Uma decisão recente do Tribunal Regional Federal de Brasília reconheceu o direito de uma empresa de transportes a excluir o ISS da base de cálculo do PIS e da COFINS.

Conforme disposição legal, a base de cálculo das contribuições para o PIS (Lei 10.637/2002) e para a COFINS (Lei 10.833/2003) é o faturamento, o qual foi equiparado ao total das receitas, independentemente de sua denominação ou classificação contábil.

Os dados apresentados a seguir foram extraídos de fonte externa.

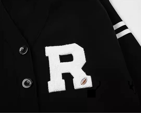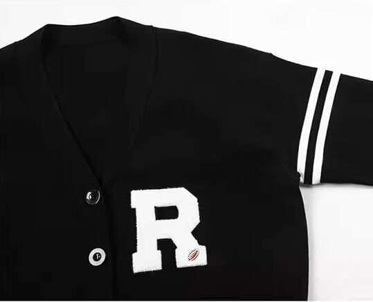 レディース トップス ニット カーディガン ミドル丈 長袖 Vネック 刺繍 前開き 異国風 ボタン かわいい 大人可愛い シンプル カジュアル おしゃれ かっこいい レトロ ボーイッシュ ルーズ クール エレガント キュート ラグジュアリー カレッジ風 学生風 ナチュラル 文字 テキスト 英語 ワンポイント 春 秋 10代 20代 学生 デート お出かけ 普段使い 着回し S M L ゆったり ゆる 大きめ ブラック

Assim, o Imposto sobre Serviços de Qualquer Natureza (ISSQN) – imposto retido pelo contribuinte por obrigação legal, não é receita da empresa, sendo valor de titularidade do fisco municipal. Ainda que se leve em conta o conceito amplo de “todas as receitas obtidas pela pessoa jurídica”, não pode ser considerado faturamento, e, portanto, não pode ser incluído na base de cálculo de PIS ou COFINS.

Logo, o que foi apurado de PIS e COFINS sobre a receita de ISS, pode ser revisto, inclusive com a devolução de contribuições pagas a maior (também, após o trânsito em julgado, poderá ser revisto o valor de PIS e COFINS nos parcelamentos).

Para nós, a decisão é importante, pois possibilita a redução do custo do transporte coletivo, abrindo a possibilidade de nova redução das passagens de ônibus, caso seja confirmada esta jurisprudência pelo Supremo Tribunal Federal. Resta aos contribuintes, tão sacrificados com o sempre crescente aumento da carga tributária, esperar que os ministros do Excelso Supremo Tribunal Federal operem com a justa competência de sempre.

Os reflexos dessas exclusões (ICMS e ISS) trarão benefícios para todos nós. A solução urgente e definitiva é uma reforma tributária séria, que, até agora segue como um mero discurso de campanha eleitoral.

Enquanto a dita reforma não vem, as empresas que se sentirem prejudicadas têm a opção de recorrer ao poder que ainda oferta esperança de que o Brasil é um país sério – o poder judiciário!